» WHAT YOU NEED TO DO: Set down only the lines from the one containing "淺粉紅垂耳兔戴眼鏡坐著6cm-毛根扭扭棒手作/髒萌流浪動物園" through the final line of the entries below, exactly as they stand, with no pictures.

» RECORDS PROVIDED:
· · · · ·

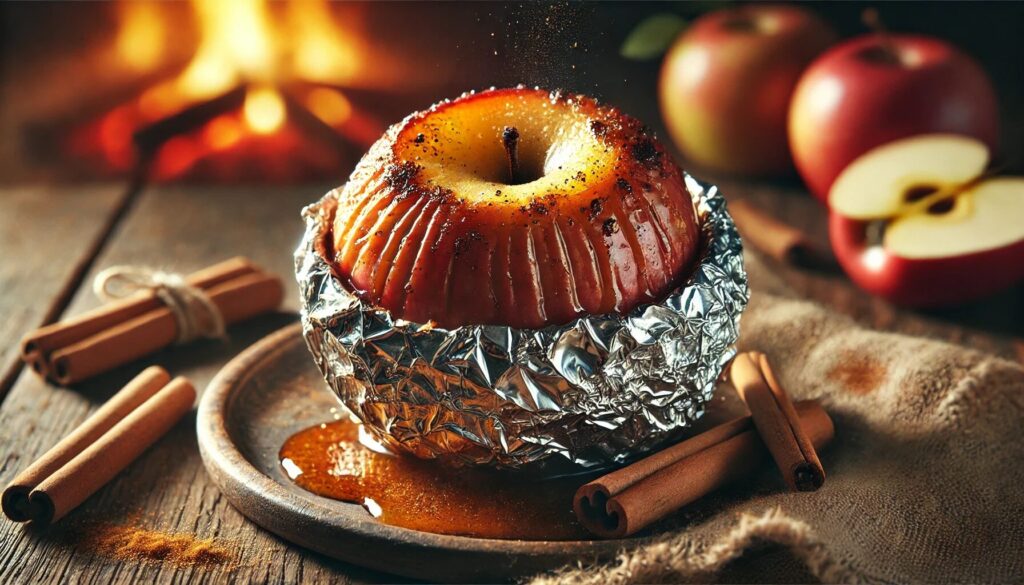 作る時のポイントは、リンゴの芯をくり抜いた部分にバターや砂糖、シナモンを詰めて、アルミホイルでしっかり包むこと。 これで焦げ付きを防ぎつつ、リンゴの中までじっくり火を通せます。
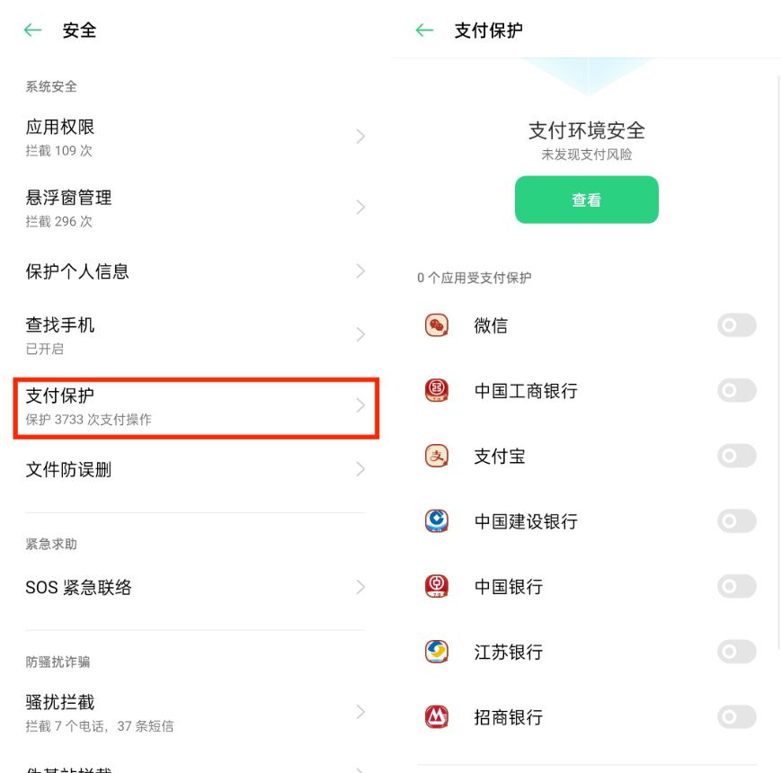 打开OPPO手机设置,手机管家(自带)—【支付保护】,关闭所有软件的保护,在成功下载安装欧易App之后再打开保护。
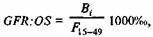 где GFR:OS - специальный коэффициент рождаемости по порядку рождения; Bi - число рождений i-той очередности; F15-49 - численность женщин репродуктивного возраста.
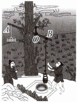 )A.向下拉绳放下空桶时桔槔为省力杠杆
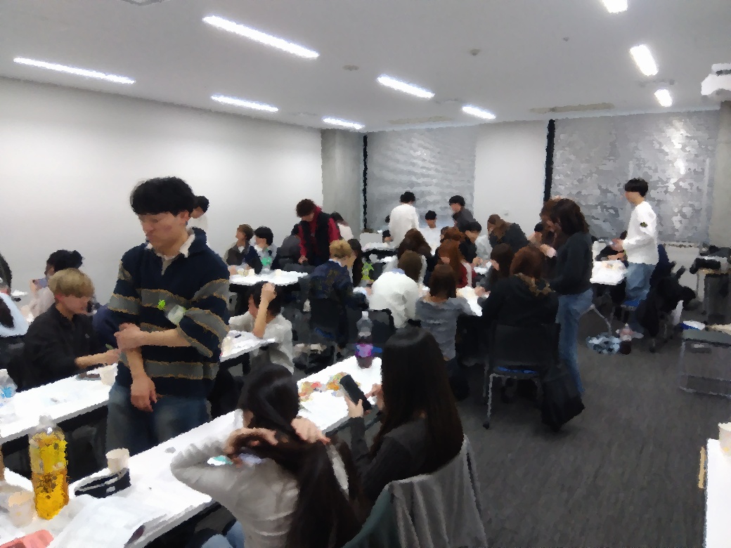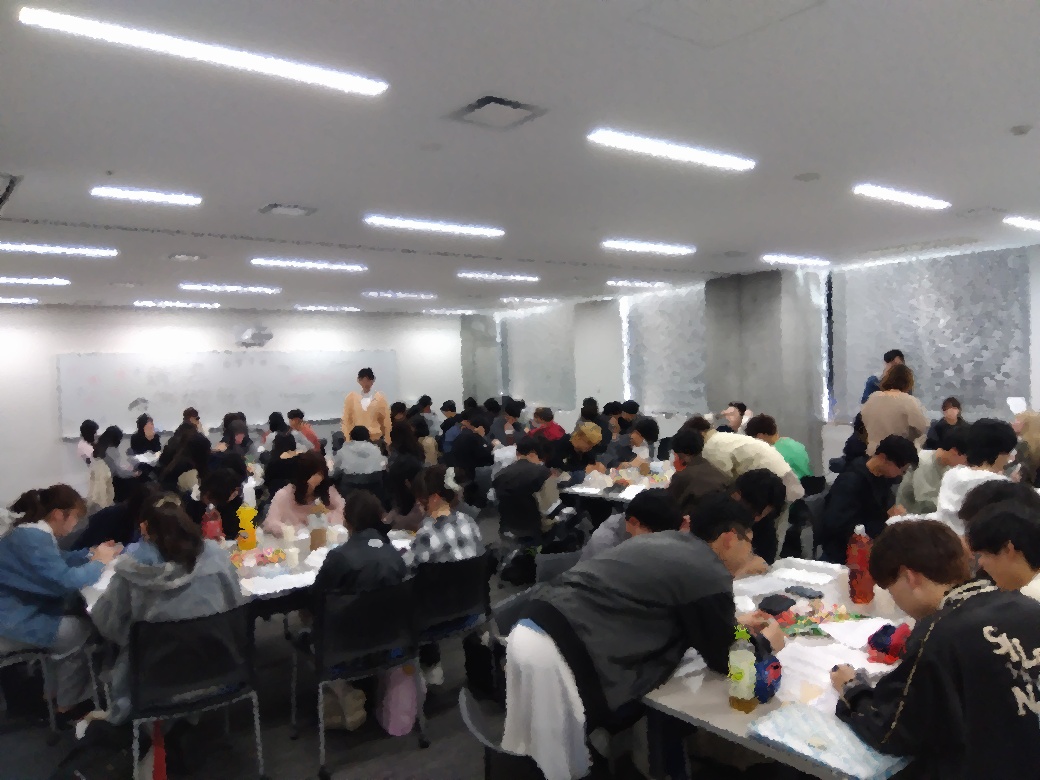 この会は,新入生が在学生に履修や部活・サークルなど大学生活について相談したり,新入生どうしで仲を深めたりできる場です.今年度はパーティションを取り払って大きくした教室も使っていたためか,「いっぱい!」という感じが強かったです.活気があり,私も新入生に質問で呼び止められることが多かったです.「このコースに行きたいのですが,共通教養科目では今のうちに何を取っておくといいですか?」という質問があったり,「宇宙って何かワクワクしない?するって!俺これ取ろう!」という声が聞こえたり,嬉しい状況でした.
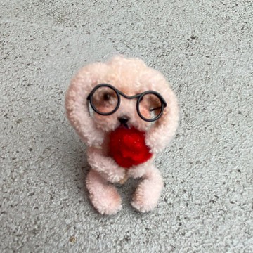 淺粉紅垂耳兔戴眼鏡坐著6cm-毛根扭扭棒手作/髒萌流浪動物園
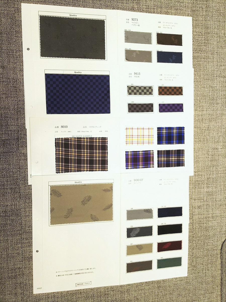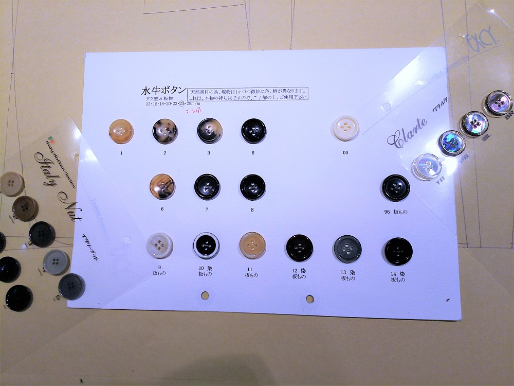 全てを選ぶオーダーメードは選ぶ楽しさ、迷う楽しさが満載です。肩や襟の形や幅、ポケットの形や数、最も重要な服地、迷ってしまうほどバラエティのある裏地、使うボタンも水牛、貝だけでなくビンテージ感あふれるナッツボタンまで揃います。こういったディテールにこだわり、他人と違う一着に仕上げるのもフルオーダーの楽しみの一つです。
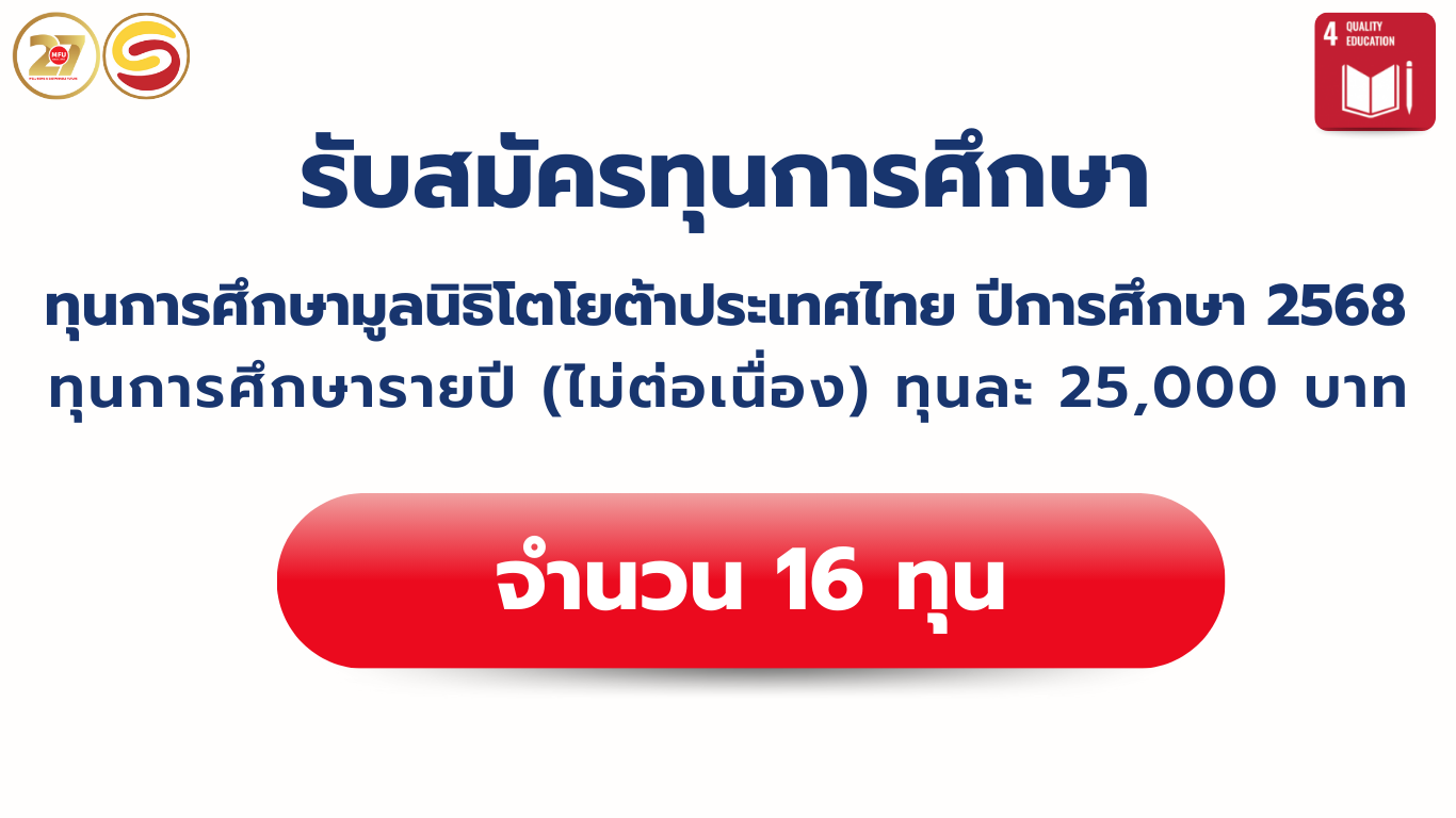 จำนวน 16 ทุน ๆ ละ 25,000 บาท ทุนการศึกษารายปี (ไม่ต่อเนื่อง)
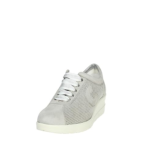 CINZIA SOFT IV5757 Sneakers da Passeggio in Morbida Pelle Scamosciata Traforata Blu O Beige (Beige 38 EU)

· · · · ·

» OUTPUT BELOW:
 淺粉紅垂耳兔戴眼鏡坐著6cm-毛根扭扭棒手作/髒萌流浪動物園
 全てを選ぶオーダーメードは選ぶ楽しさ、迷う楽しさが満載です。肩や襟の形や幅、ポケットの形や数、最も重要な服地、迷ってしまうほどバラエティのある裏地、使うボタンも水牛、貝だけでなくビンテージ感あふれるナッツボタンまで揃います。こういったディテールにこだわり、他人と違う一着に仕上げるのもフルオーダーの楽しみの一つです。
 จำนวน 16 ทุน ๆ ละ 25,000 บาท ทุนการศึกษารายปี (ไม่ต่อเนื่อง)
 CINZIA SOFT IV5757 Sneakers da Passeggio in Morbida Pelle Scamosciata Traforata Blu O Beige (Beige 38 EU)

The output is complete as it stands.